The sign, by contrast, is the direct object of an activity that is concerned with its interpretation. The sign mediates between the parties only depending on how each of those parties interprets it in an interaction referred to the background of their common or different cultures.17

For the Vygotsky theory, mediating factors of this latter kind are tools at the same time, as well as the former type mediating factors are also signs.

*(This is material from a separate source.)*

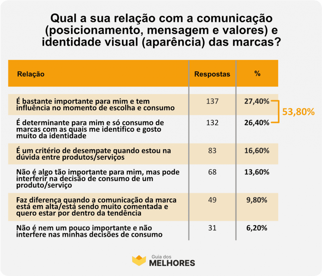 Posicionamento, mensagem, valores e identidade visual: para 54% dos consumidores, o conjunto de elementos identitários de uma marca é um fator significativo, aponta um estudo realizado pela plataforma Guia dos Melhores.

Much as the Vygotsky school had implications of a synthesis the logic of natural sciences and that of historical sciences it could not avoid the fate of a psychology of that historical period: that of its “hemispheres” that was liable to the first logic got elaborated with Leontiev's activity theory18. Leontiev considered the sign as tools, i. e. as completely transparent when it operates as mediating factor. No interpretation is needed, according to his theory, for decoding sign's meaning since it is objectively given in the activity structure as relation between its ends and means. Though Leontiev made a clear distinction between meaning and personal sense, he did not consider any necessity of interpretation for the latter either, the personal sense being equally taken as objectively given in the structure of activity as a relation between its ends and motives.

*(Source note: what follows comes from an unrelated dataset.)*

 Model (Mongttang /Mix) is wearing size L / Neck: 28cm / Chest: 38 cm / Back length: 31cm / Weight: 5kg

On the other hand, however Leontiev applied entirely the logic of natural sciences to the psychology his doctrine is an integral part of a theory whose outlook was formulated by Vygotsky in the following words:

“The mental nature of man represents a totality of social relations transferred inside the person, into his functioning. Higher mental functions (e.g., word function) earlier used to be distributed between people, then became the functioning of the person himself. Earlier, psychologists tried to trace social factors back to individual ones. They studied individual reactions found in laboratories and then tried to find how persons' reaction changed in a collective setting. Contrary to Piaget we assume that the development proceeds not towards socialization but towards the transformation of social relations in mental functions. Earlier, it used to be supposed that the individual has a function in a finished, semi-finished or embryonic form, and in the community it gets developed, combined, increased, enriched or, just the opposite, inhibited, repressed, etc. Nowadays, we may substantiate the assumption that, as regards higher mental functions, it is just the very reverse. Functions originally merge in the community, in the form of children's relations, then become persons' mental functions. In particular, earlier it was held that each child is competent to think, argue, demonstrate, substantiate his assumption; the collision of such thinkings allegedly generates discussion. But matters stand differently. The investigations proved that discussions generate thinking.”19

Activity in Vygotsky's theory treats its object as is explained also in psychology by the logic of natural sciences, but the subject of the activity is formed by a social game whose rules cannot be understood unless another logic, that of historical sciences is adopted by this science.20

The international Vygotsky boom seems to be motivated by psycholo­gy's “unconscious desire” to recover his unity without being compelled to sac­rifice for it either the insights developed by psychology as a natural scien­ce, or those whose development was that long obstructed by such a science.